I live in the watershed of a beautiful, 40-mile long glacial lake. Today was a sparkling, unseasonably warm day, so I drove up the lake to see if any interesting birds were lurking in a sheltering cove. There weren't, but the clear blue sky and reflecting water, the sunshine, the wind and hills around, and the estuary where the creek empties were worth the trip anyway. It was bare, brown, unadorned winter, but clear and blue, and simply lovely.
Earlier in the day a newly established Orthodox Christian church had traveled down to the lake shore to conduct a "Blessing of the Lake," I guess as part of Orthodox tradition around Epiphany. I know they mean well — and for god's sake, good will is the most important thing there is — but what incredible theological presumption! The lake doesn't need to be "blessed" by some well-meaning but fundamentally irrelevant human; the lake is inherently blessed, and a blessing to us fortunate enough to live here.

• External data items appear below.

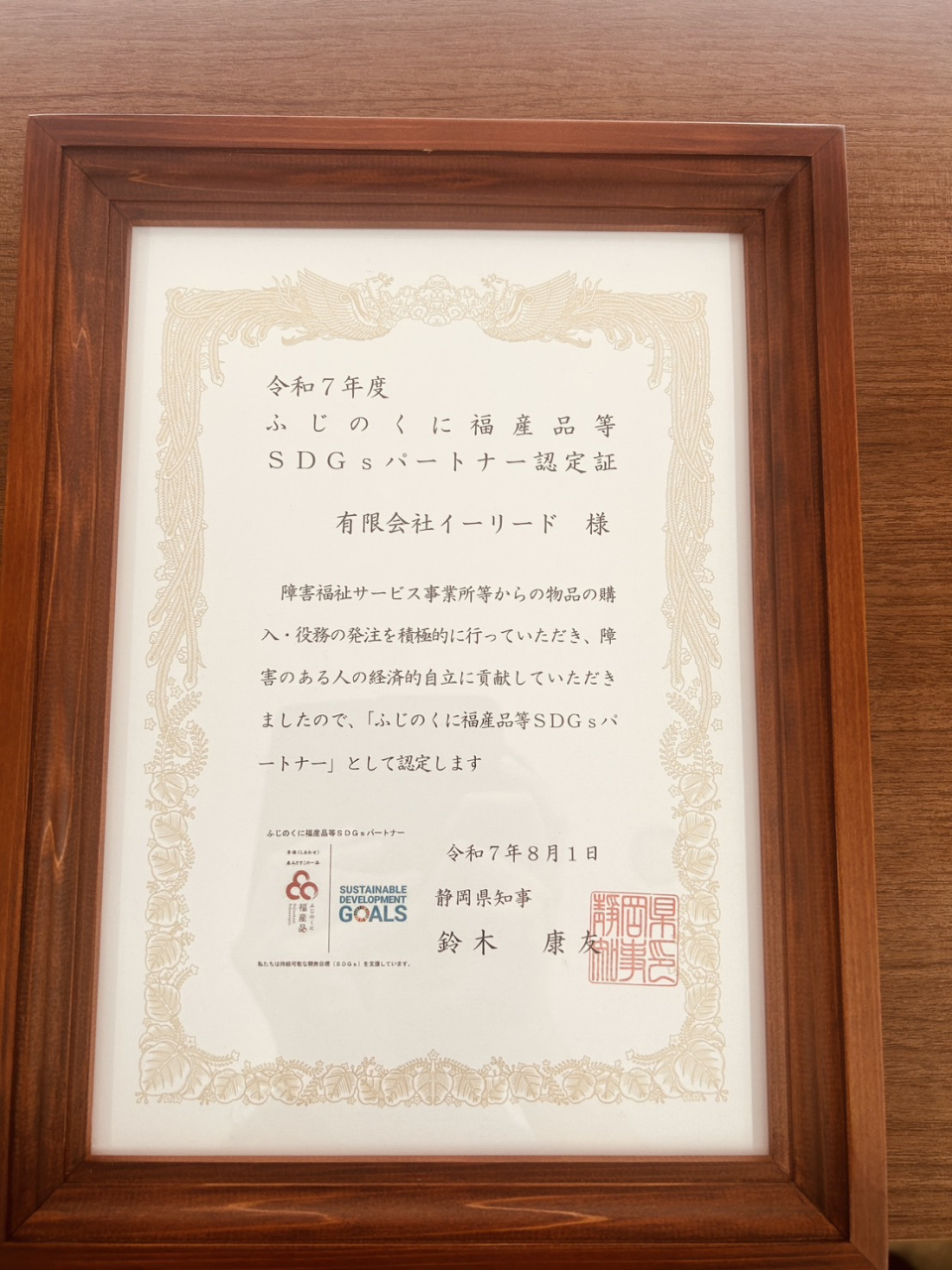 「ふじのくに福産品等 SDGs パートナー」は、静岡県が定める制度で、障がい者の就労支援を目的とした福産品の購入や、福祉サービス事業所への役務発注などを積極的に実施する企業・団体を、県が認定するものです。
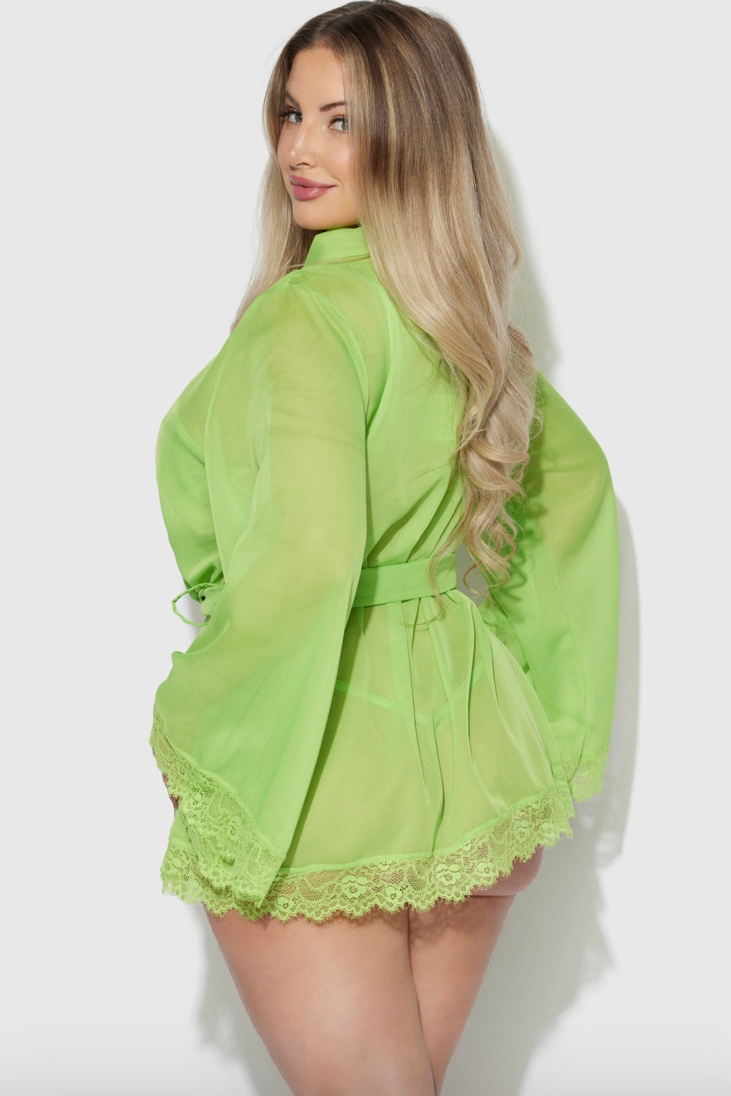 Indulge in luxury with our Plus size Shavon robe set in vibrant lime. This set includes a comfortable bralette and gstring, perfect for lounging or special occasions. The soft fabric and flattering fit are designed for the curvy body, providing comfort and confidence. Enjoy the perfect mix of style and comfort with our Plus size Shavon robe set.
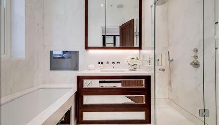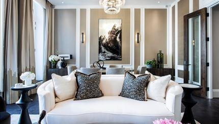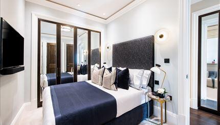 This elegant apartment offers impressive entertaining spaces and comprises a grand reception room, master bedroom with; an ensuite, walk-in closet and private balcony via French doors, a guest bedroom with an ensuite bathroom, a fully integrated kitchen that leads onto a private balcony and a guest powder room. Smart TVs with Sonos soundbars.
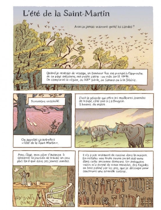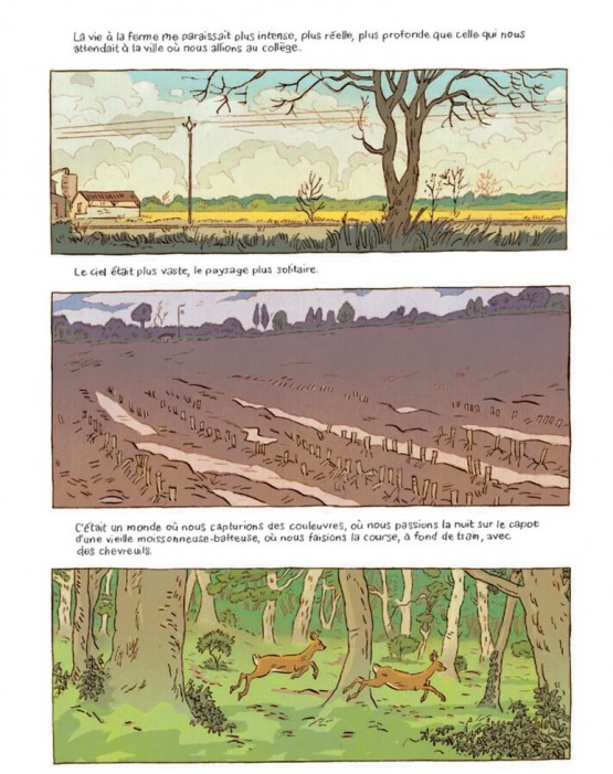 Se laisser absorber par la beauté de la lumière au petit jour, faire le tour du terrain pour vérifier que tout est en ordre, partager une terre hospitalière, cultiver le champ tout autant que son esprit, comprendre que tout le monde mange tout le monde, se confronter à d’autres formes de responsabilité… Si les messages abondent dans « J’ai toujours rêvé d’être un fermier », ils sont délivrés au fil des pages avec une douceur et un caractère raisonné. En racontant le quotidien et le passage des saisons, autour de la rénovation de cette maison de laboureur, le récit se fait essentiellement attentif aux choses. C’est la grande force de l’ouvrage, qui s’inscrit comme une ode sensible à la nature, sans militantisme. Un album dans la veine des œuvres de Rousseau, Zola (« La Terre »), Pagnol (« L’Eau des collines ») et Giono (« Regain », « L’Homme qui plantait des arbres ») ; en bande dessinée, d’Étienne Davodeau (« Les Ignorants », 2011) au duo Troubs/Edmond Baudoin (« Le Goût de la terre », 2013) en passant, humour compris, par Didier Tronchet (« Tous à la campagne ! », 2024) et Manu Larcenet, avec son désopilant « Retour à la terre » (2002).
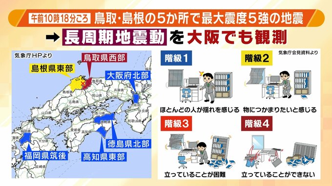 今回の地震では、▽鳥取県西部で階級4、▽島根県東部で階級2、▽大阪府北部・徳島県北部・高知県東部・福岡県筑後で階級1が観測されました。

The lake has been there since the last glaciation retreated. When the lake was made, woolly mammoths and mastodons drank from the river that formed it. Birds have plotted their semi-annual migrations along its north-south axis for millennia, and indigenous Americans were at home here for nearly as long. But the earliest descendants of Europeans moved in only 220 years ago. So how can some Christian priest possibly confer benefit or holiness on this lake? Is a 12,000 year-old lake less conversant with the divine than a middle-aged American priest? How does a well-meaning fellow in fancy robes and a funny hat saying words and waving his hands add value, comfort, or meaning to nature?
It seems to me that if you live in relationship to a lake, you have only two choices: either you abuse and pollute it, or you respect and appreciate it, and try to take care of it. But the act of "blessing" the lake assumes that you have some authority or dominion over it, and that's both naive and arrogant.
The Orthodox congregation and priest may mean well, but they're fooling themselves; and unintentionally, insulting our lake. Better we should all spend a little time quietly enjoying it, and feeling ourselves blessed by its presence.